None of these women describes leadership as conquest, spectacle or cinematic triumph. Again and again, they portray finance as a profession in which women have had to prove themselves twice, measure their words, prepare more thoroughly than everyone else and build authority through competence rather than swagger. They return to family, mentors and inner discipline as stabilisers. They challenge one of the profession’s myths. Finance, in their telling, is not reserved for prodigies. It is a business of judgment, energy, communication and nerve. Yet the unity ends there.


The differences are tonal, and they give the collective portrait depth. Melika B. Mohammed and Meseret B. Abebe speak in the language of duty and institutional purpose. Aster S. Neway and Lishan G. Girmay sound more self-authored, emphasising visibility, self-belief, and deliberate growth. Biruktawit Tesfaye frames her place in the field through productivity and practical contributions rather than through symbolic gender contestation. Sebasegel S. Gemeda is direct about imposter syndrome, self-care and the regulator’s role. Lealem Getachew answers with a hard-earned modesty almost allergic to grandiosity.

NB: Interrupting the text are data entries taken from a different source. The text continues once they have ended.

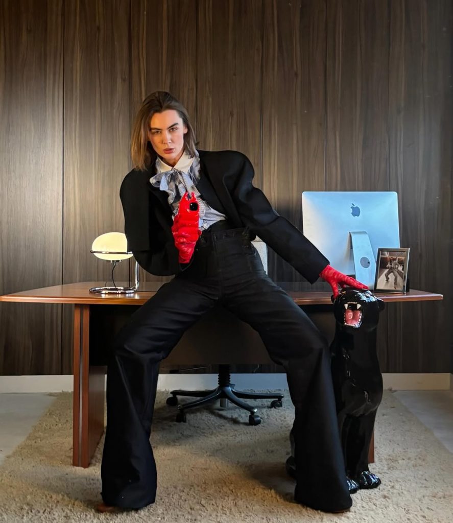 Первое, что можно сделать, чтобы аутфит не смотрелся скучным, – добавить аксессуары. Речь о ремнях, платках, сумках, головных уборах, а еще брелоках и заколках на голову. К примеру, обычный черный брючный костюм круто дополнят трендовые очки в стиле гик-шик, бордовая сумка с обвесом и ремень с акцентной пряжкой. Вроде все законно, но выглядит как на картинке в Pinterest.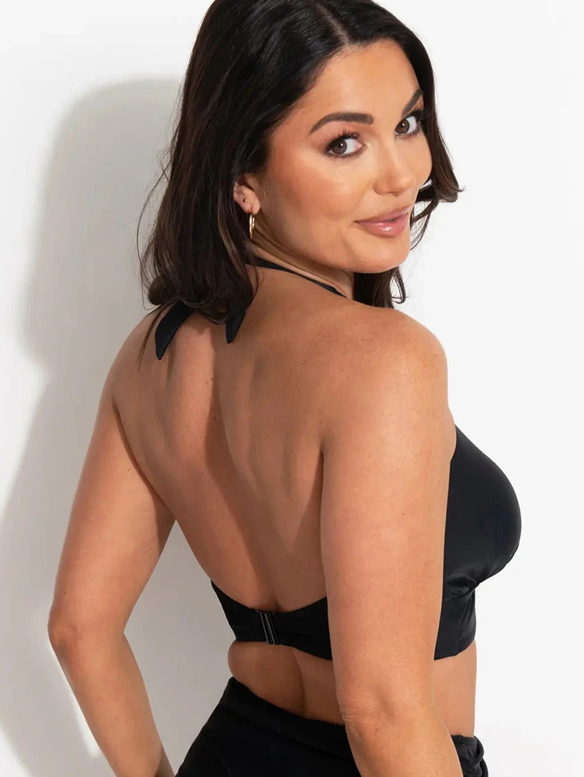 This Halter Bikini Top from Pour Moi is a sexy spin on a classic style. The longline band gives great security while the plunging neckline and triangle cups give support while showing off your assets.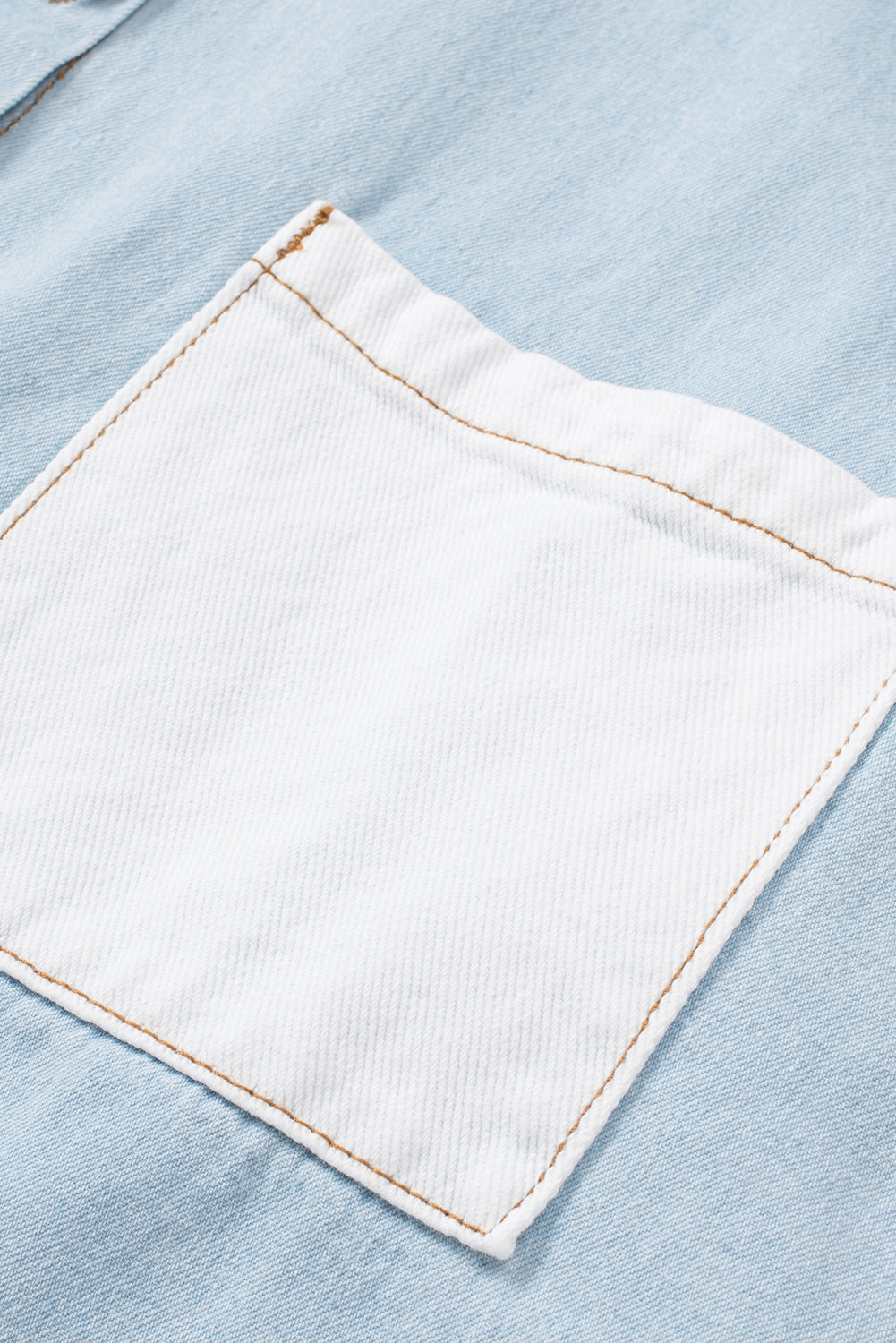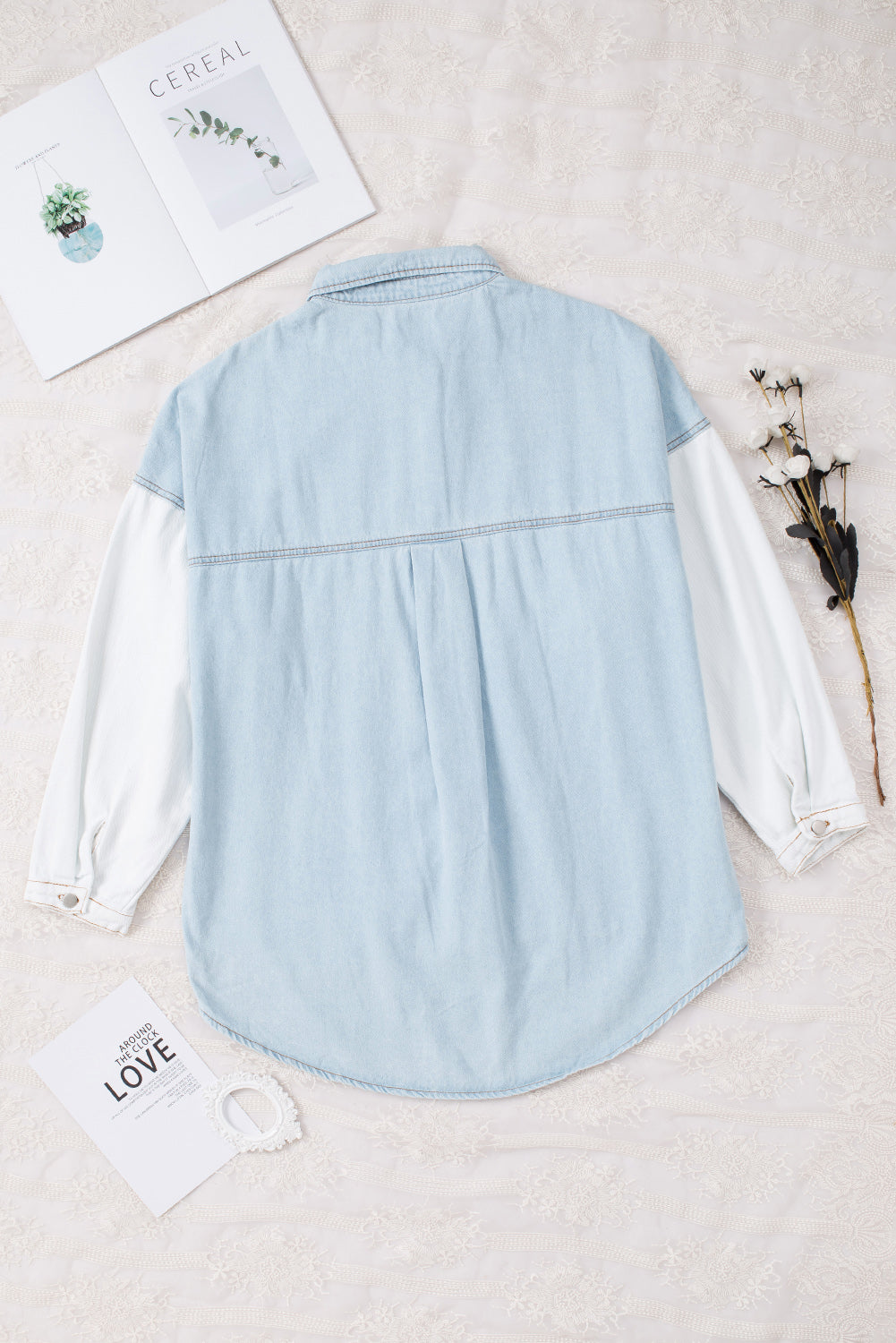 - Feature: Long sleeve, pockets, buttoned, denim shirt

However, there is more than one way to arrive near the top of the domestic financial hierarchy, and almost none resembles the glossy myth sold by feel-good self-help books. No one claims she was born to lead in a power suit with a spreadsheet in one hand and destiny in the other. Instead, these women speak of long corridors, difficult rooms, second-guessing, overpreparing, family duty and grounded in spirituality, along with the distinctly female instruction to be confident, but not too confident. One chose growth over comfort. Another learned that confidence does not come from approval. Another never saw herself as competing with men at all. Another credits merit and competence, plain and unfussy, for bringing her here.



The barrier was not only overt, though that appears often enough. It was the higher threshold of proof, the closed networks, the pressure to remain agreeable, the suspicion that authority in a woman is borrowed or somehow too expensive to trust. Several return to the same ritual of endurance to be heard. They had to be better prepared, more careful, more consistent and more resilient. Equality, in this telling, arrives less as a trumpet blast than as homework done twice.

What finally emerges is not a tidy sisterhood of identical views but a fuller chorus. These women refuse cliché. Leadership is not framed as a crusade of perfect heroines, but as something human, an unwanted branch assignment, a role accepted before readiness, a father who listened, a husband who helped, a mentor who opened a door, a mother remembered, a 30-minute nap, a swim, a prayer, a family meal at 3:00am on Fasika. In their hands, finance becomes less a science of genius than a test of temperament. Certainly, the structural barriers have not vanished, but more women are learning to outlast them, outthink them and sometimes laugh at them.